# Happy 2 months Quilly!! 2 months old!



## jdlover90 (Jun 14, 2010)

Today is Quilly The Great's birthday! (sort of lol).  

He is now exactly 2 months old! I'm proud to share this with him. And looks like he'll be getting his first REAL treat when he wakes up.  

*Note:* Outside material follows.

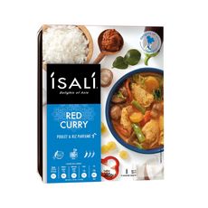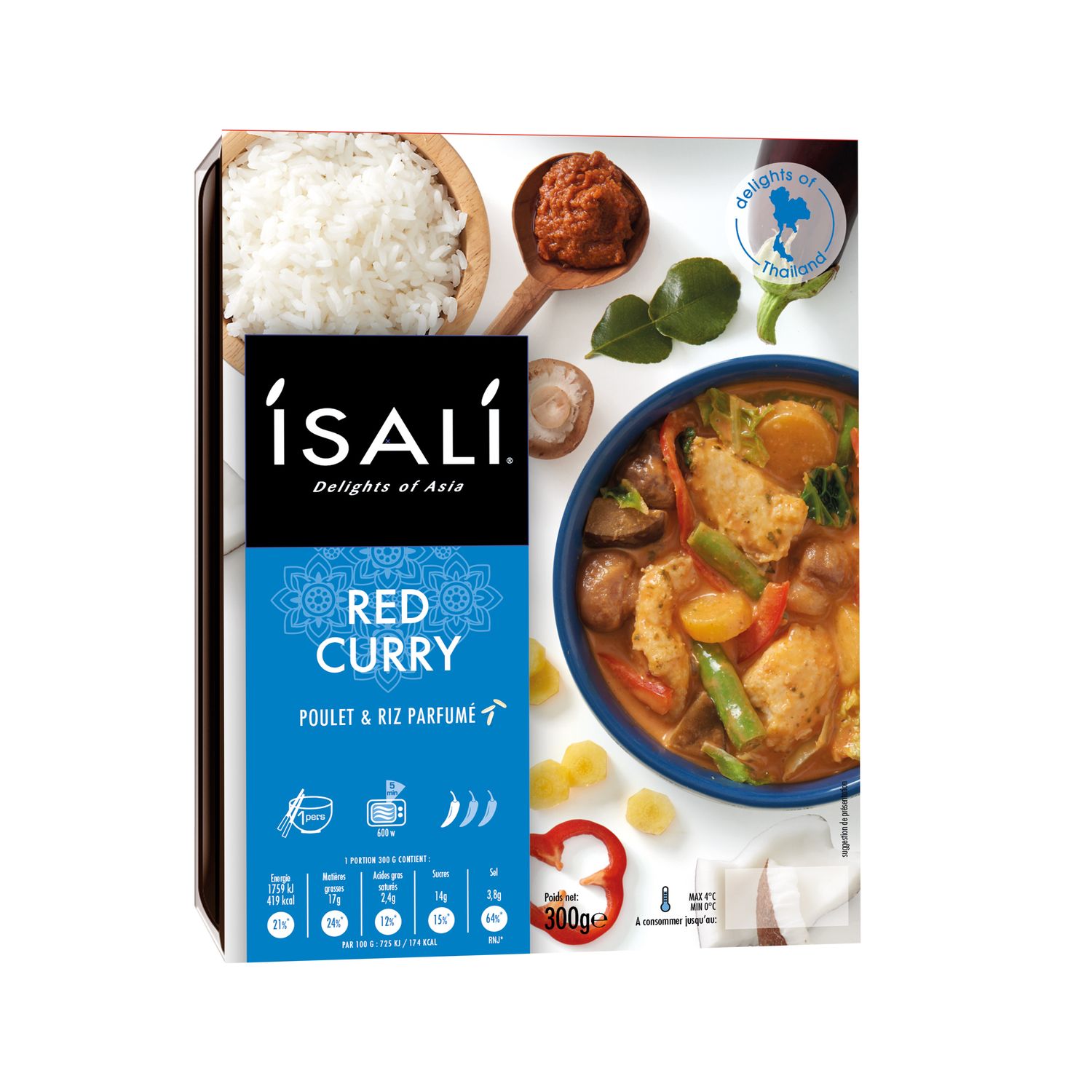 Red Curry 300 gr Isali Poulet Red Thai Curry et riz basmati, lait de coco, eau, pâtes de curry rouge, bambous, poivrons rouges, huile de soja, crème, œufs, fécule de pommes de terre, aromates, sucre, extrait de poisson, amidon de maïs, sel, feuilles de citron vert, stabilisants : farine de guar, gomme de xanthane, huile de tournesol. Accompagnement (40%): eau, riz parfumé, huile de soja, sel.

Perhaps I'll post pictures of our little Hedgie birthday party. <3

haha.


----------



## Beanie (Jun 9, 2010)

*Re: Happy birthday Quilly!! 2 months old!*

Can't wait to see pictures!!! Watson will be two months on Monday  Happy 2 months Quilly the Great!!


----------



## jdlover90 (Jun 14, 2010)

*Re: Happy birthday Quilly!! 2 months old!*

I will post pictures! I mean, it's not his REAL birthday, but I'm excited for him to turn 2 months! So, i'm celebrating it! lol His real birthday is in April, I believe.  
But until then, happy 2 months to my baby!


----------



## shaelikestaquitos (Feb 2, 2010)

Happy birthday Quilly!

My hedgehog was born in April too  on the 23rd to be exact


----------



## jdlover90 (Jun 14, 2010)

shaelikestaquitos said:


> Happy birthday Quilly!
> 
> My hedgehog was born in April too  on the 23rd to be exact


Aww! Quilly was born on the 19th of April.


----------



## jinglesharks (Jun 15, 2010)

Aww... happy two months! My kittens turned two months today as well


----------



## tie-dye hedgie (Dec 19, 2009)

Happy 2months Quilly the Great! Have a good one! :mrgreen:


----------



## shetland (Sep 2, 2008)

Happy 2 months baby Quilly!


----------